There are clouds in the Book of Rites and Universities: Those who want to unite their homes must first cultivate their bodies; those who want to cultivate their bodies must first straighten out their hearts.

If you want to run a good family, you must first do a good job in your own cultivation; if you want to do a good job in your own cultivation, you must first correct your own thinking.

Parents are the navigators of the family and have great responsibilities. Especially in families with many children, the ability of parents to join the family is very important.

However, some parents do not know how to cultivate their families and manage the family only on the basis of personal preferences, worldly concepts and profits and losses.

They cannot be impartial and treat their children differently, which eventually leads to their filial piety, brothers and sisters turning against each other, and the family to decay.

"Divided into 4 suites, 4 sisters and brothers everyone has a share" After listening to my parents' arrangement, I have not returned to my mother's house for 3 years

There is a saying on the Internet that says:

The root cause of the disputes of families with many children is not the love of brothers and sisters, but the injustice of parents.

Indeed, the relationship between brothers and sisters is largely determined by parents.

Parents are the bonds of brothers and sisters. If they are well-thoughted, well-cultivated, and have strong qi family ability, they will be able to unite their brothers and sisters together, be intimate and harmonious, and not have a grudge against each other.
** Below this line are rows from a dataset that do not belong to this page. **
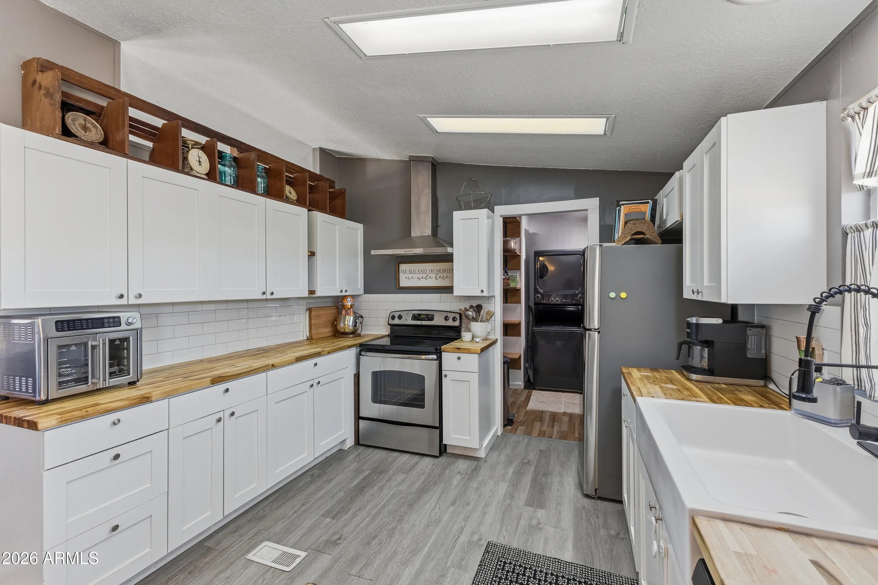 Stacked Washer/Dryer, Refrigerator, Dishwasher, Disposal, Electric Range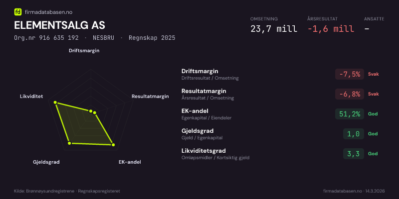 ELEMENTSALG AS hadde en omsetning på 23,7 MNOK for regnskapsåret 2025 ifølge siste innsendte årsregnskap. Regnskapstallene hentes fra Brønnøysundregistrene.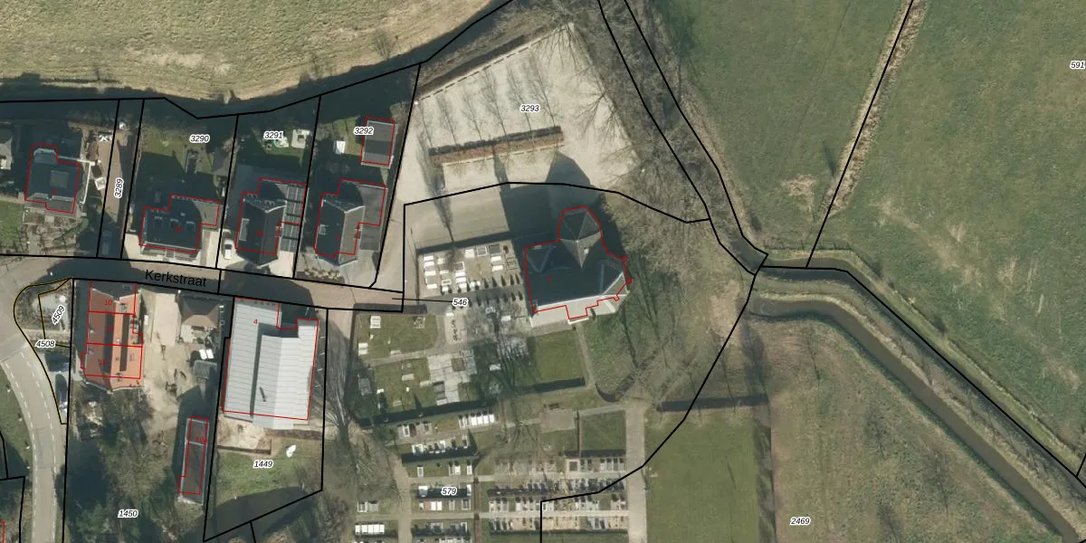 Het perceel waarop Kerkstraat 2 staat heeft een oppervlakte van 7230 m². Dit is een zeer groot perceel. De perceeloppervlakte wordt geregistreerd door het Kadaster. Gedetailleerde informatie over de maten van dit perceel kunt u vinden in het rapport Kadastrale kaart met maatvoering van Kerkstraat 2.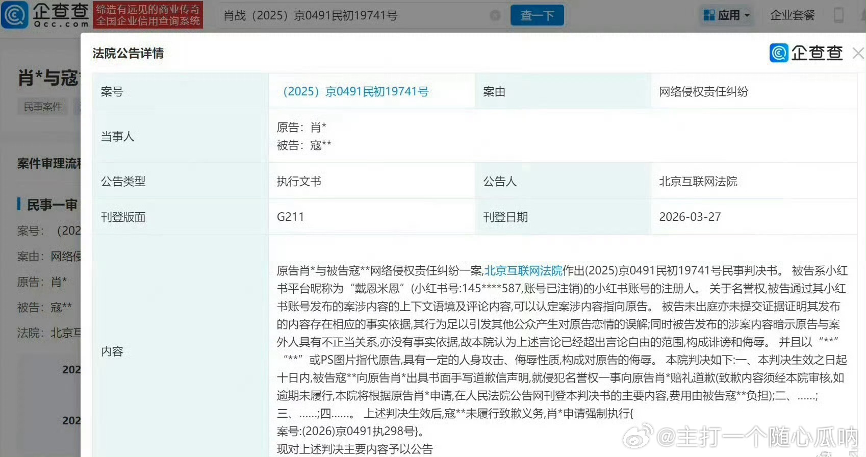 诽谤肖战黑粉未道歉被强执确实是一个嘴硬的网暴犯,这会儿被强制执行了,没胆没种!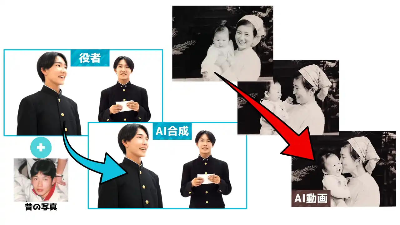 ・過去の写真をもとに、思い出を映像として再現 ・フェイスチェンジ技術により、過去と現在の自分を一つの作品の中で融合 |

In fact, not only the relationship between brothers and sisters is determined by parents, but even the relationship between parents and children is determined by parents.

The ancients said: The Father is the Son, the Father is not merciful, and the Son runs away.

The blood relationship between parents and children is innate, but the feelings are nurtured. If the father is not merciful, the son is not filial, and if the parents do not know to be kind to their children, the children do not know filial piety to their parents.

Therefore, as parents, we must overcome emotional selfishness, first correct ourselves and then correct others, first cultivate ourselves and then qi family.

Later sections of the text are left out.